# YOUR TASK
With the images set aside, retype every record below character for character.

##### DATASET CONTENT #####

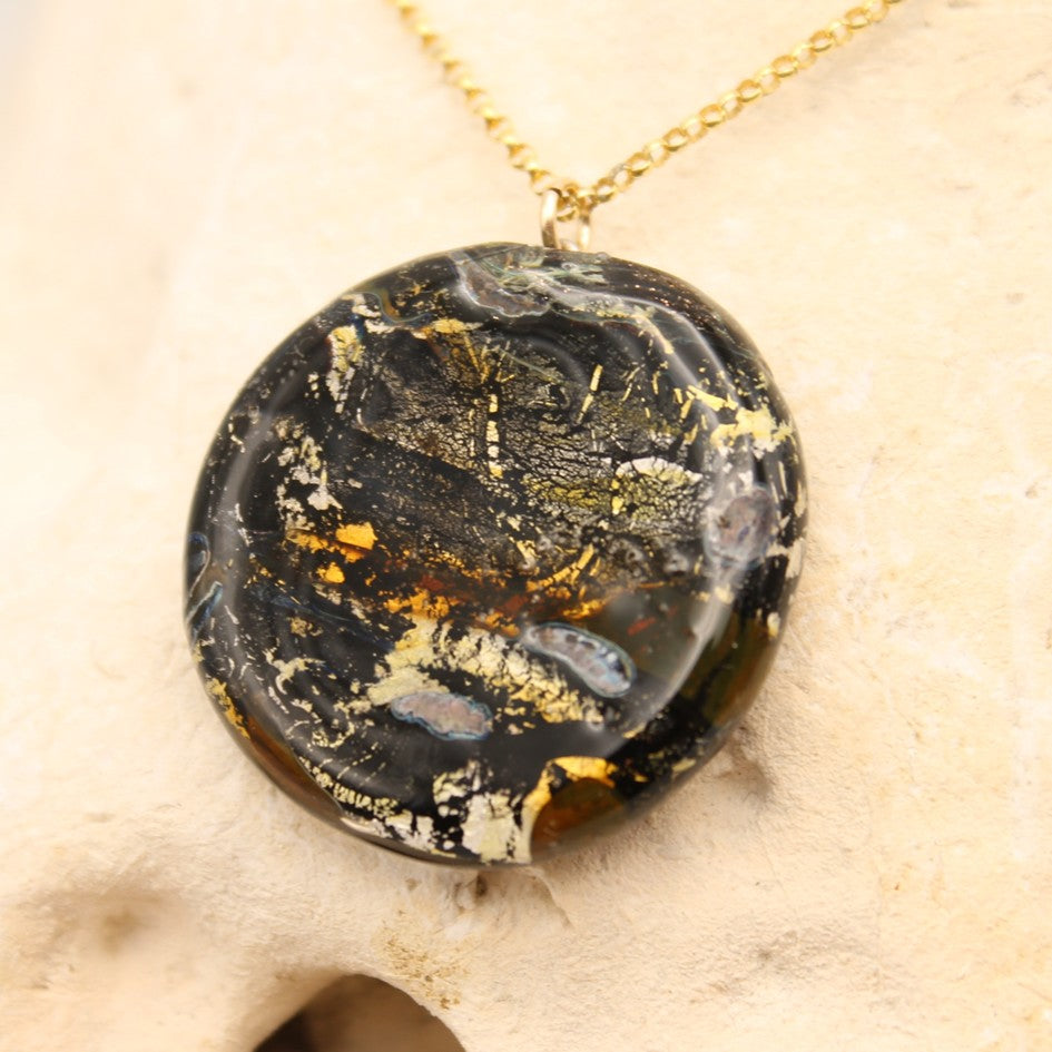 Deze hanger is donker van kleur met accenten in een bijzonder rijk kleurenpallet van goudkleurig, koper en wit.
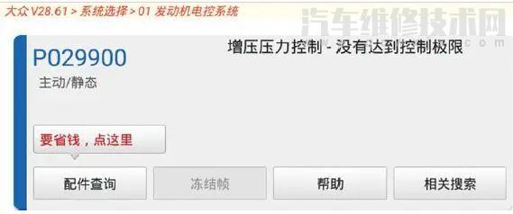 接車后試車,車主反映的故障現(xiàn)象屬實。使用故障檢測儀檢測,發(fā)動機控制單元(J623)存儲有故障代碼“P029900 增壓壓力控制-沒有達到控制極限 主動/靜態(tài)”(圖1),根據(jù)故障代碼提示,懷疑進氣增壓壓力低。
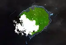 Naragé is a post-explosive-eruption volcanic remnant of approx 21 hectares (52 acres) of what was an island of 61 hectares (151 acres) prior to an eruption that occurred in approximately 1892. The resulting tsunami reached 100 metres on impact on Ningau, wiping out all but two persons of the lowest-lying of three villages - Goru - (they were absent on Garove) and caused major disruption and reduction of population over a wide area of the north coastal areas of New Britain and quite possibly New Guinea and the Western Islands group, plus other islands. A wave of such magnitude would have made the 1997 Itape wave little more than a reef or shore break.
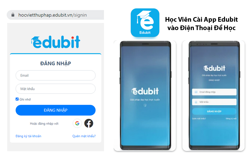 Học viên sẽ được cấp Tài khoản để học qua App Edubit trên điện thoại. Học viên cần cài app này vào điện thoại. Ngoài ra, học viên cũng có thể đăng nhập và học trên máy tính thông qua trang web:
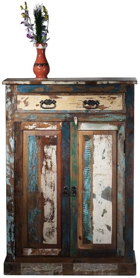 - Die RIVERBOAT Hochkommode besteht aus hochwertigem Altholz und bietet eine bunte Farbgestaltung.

#####

# RESULT FOR THIS TASK
 Deze hanger is donker van kleur met accenten in een bijzonder rijk kleurenpallet van goudkleurig, koper en wit.
 接車后試車,車主反映的故障現(xiàn)象屬實。使用故障檢測儀檢測,發(fā)動機控制單元(J623)存儲有故障代碼“P029900 增壓壓力控制-沒有達到控制極限 主動/靜態(tài)”(圖1),根據(jù)故障代碼提示,懷疑進氣增壓壓力低。
 Naragé is a post-explosive-eruption volcanic remnant of approx 21 hectares (52 acres) of what was an island of 61 hectares (151 acres) prior to an eruption that occurred in approximately 1892. The resulting tsunami reached 100 metres on impact on Ningau, wiping out all but two persons of the lowest-lying of three villages - Goru - (they were absent on Garove) and caused major disruption and reduction of population over a wide area of the north coastal areas of New Britain and quite possibly New Guinea and the Western Islands group, plus other islands. A wave of such magnitude would have made the 1997 Itape wave little more than a reef or shore break.
 Học viên sẽ được cấp Tài khoản để học qua App Edubit trên điện thoại. Học viên cần cài app này vào điện thoại. Ngoài ra, học viên cũng có thể đăng nhập và học trên máy tính thông qua trang web:
 - Die RIVERBOAT Hochkommode besteht aus hochwertigem Altholz und bietet eine bunte Farbgestaltung.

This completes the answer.